Cycling down a long descent northeast of Galena, Illinois, I thought I was going slow enough to be safe coming into a thirty-degree curve ahead. I was wrong. At the moment when my bike and body started to angle across the 20 mph wind coming through a gap between the trees, the tires of my Specialized bike gave a small shudder on the pitted asphalt. I’m not a fan of such feelings. The bike wobble accident from nine years ago that resulted in a broken clavicle and a near-death experience keeps me from doing crazy things on the roads these days. I’d rather go slower than crash.
My wife was no fan of the harsh winds either. She was forced to rise out of aero position on her triathlon bike in order to keep control of her Trek when hard crosswinds drove against our bodies in the open sections of the ride. It was far safer to ride with hands on the bullhorns and give up a little speed than to place all weight on the arm rests.
The five-mile section heading straight into the south wind was truly tough going. I just concentrated on keeping a smooth pedal stroke and ignored how fast or slow I was going. At times the wind stood me up as the bike shivered right or left. I was moved to laugh out loud. That was the best strategy of all. Just laugh at the wind like the character Maximus advised in the movie Gladiator:
“Death smiles at us all, all a man can do is smile back.”

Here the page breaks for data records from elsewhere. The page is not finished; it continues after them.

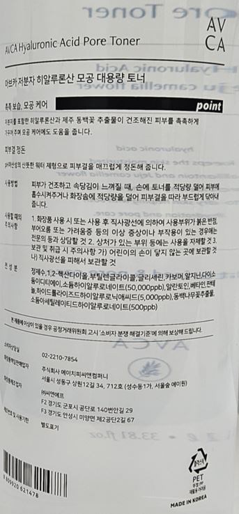 • 아브카 저분자 히알루론산 대용량 모공 토너, 1L, 1개
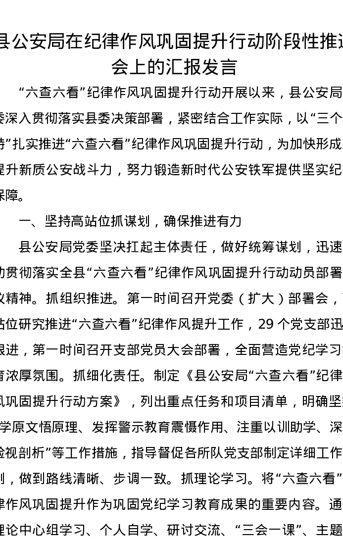 县公安局在纪律作风巩固提升行动阶段性推进会上的汇报发言
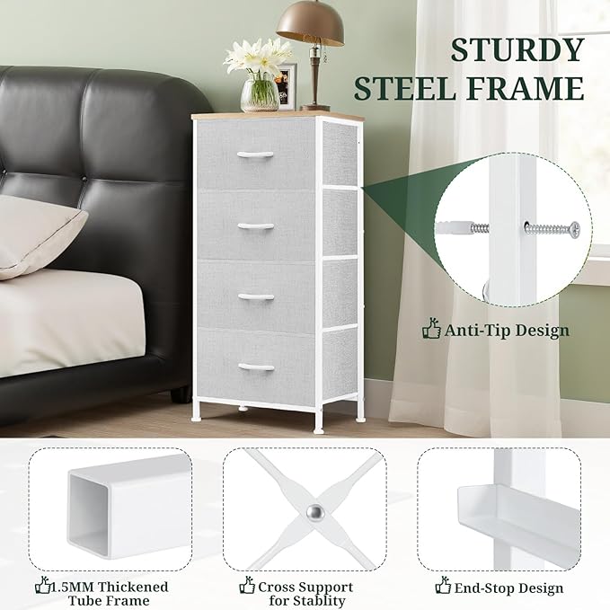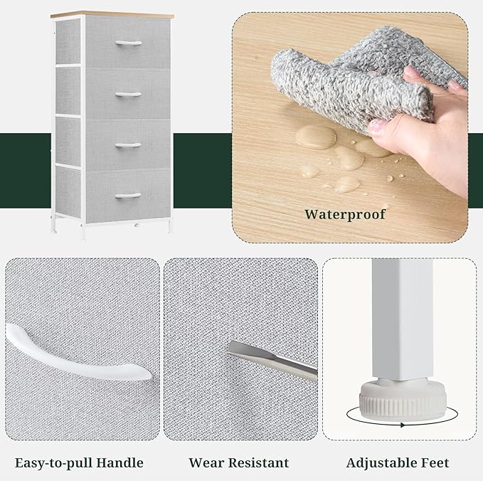 • 【Spacious 4-Drawer Storage】 Features four deep fabric drawers and a durable wooden top, providing ample space for clothes, accessories, books, and household essentials while keeping your space neat and organized.
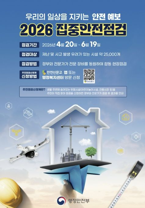 [경남도민뉴스=박만수 기자] 옥천군은 각종 재난과 안전사고를 예방하기 위해 4월 20일부터 6월 19일까지 2개월간 지역 내 주요 시설 80개소를 대상으로 ‘2026년 집중안전점검’을 실시한다고 밝혔다.
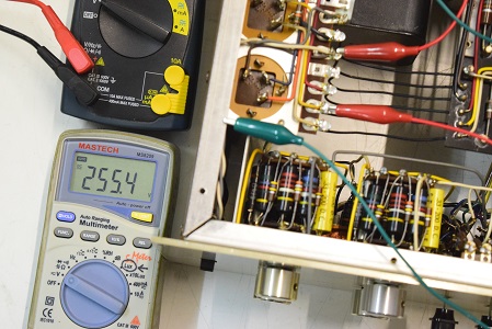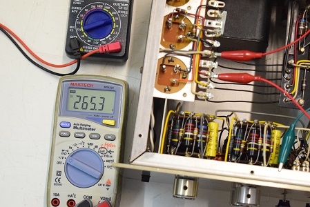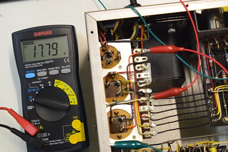 電源は値が良かった高圧セレンはそのまま残し、電解ブロックコンデンサーを3本ともオリジナル仕様の新品に交換しました。

We’d gotten a little lost early in the ride when we missed a turn marker at five miles. Three miles up the wrong road we turned back, adding six extra miles to the total ride. After 52 miles of total riding, and facing another ten miles straight into the wind on open roads back to the start, we elected to “sag” it back to the starting line. We’d already climbed more than 4000 feet during those miles on the road, and the wind added plenty of resistance when we weren’t riding uphill.
In other words, we’d gotten what we wanted from the ride. A great workout and a safe journey through the ups and downs and sideways too. That explains those smiles in the photos. The wind smiles at us all. All a man and woman can do is smile back.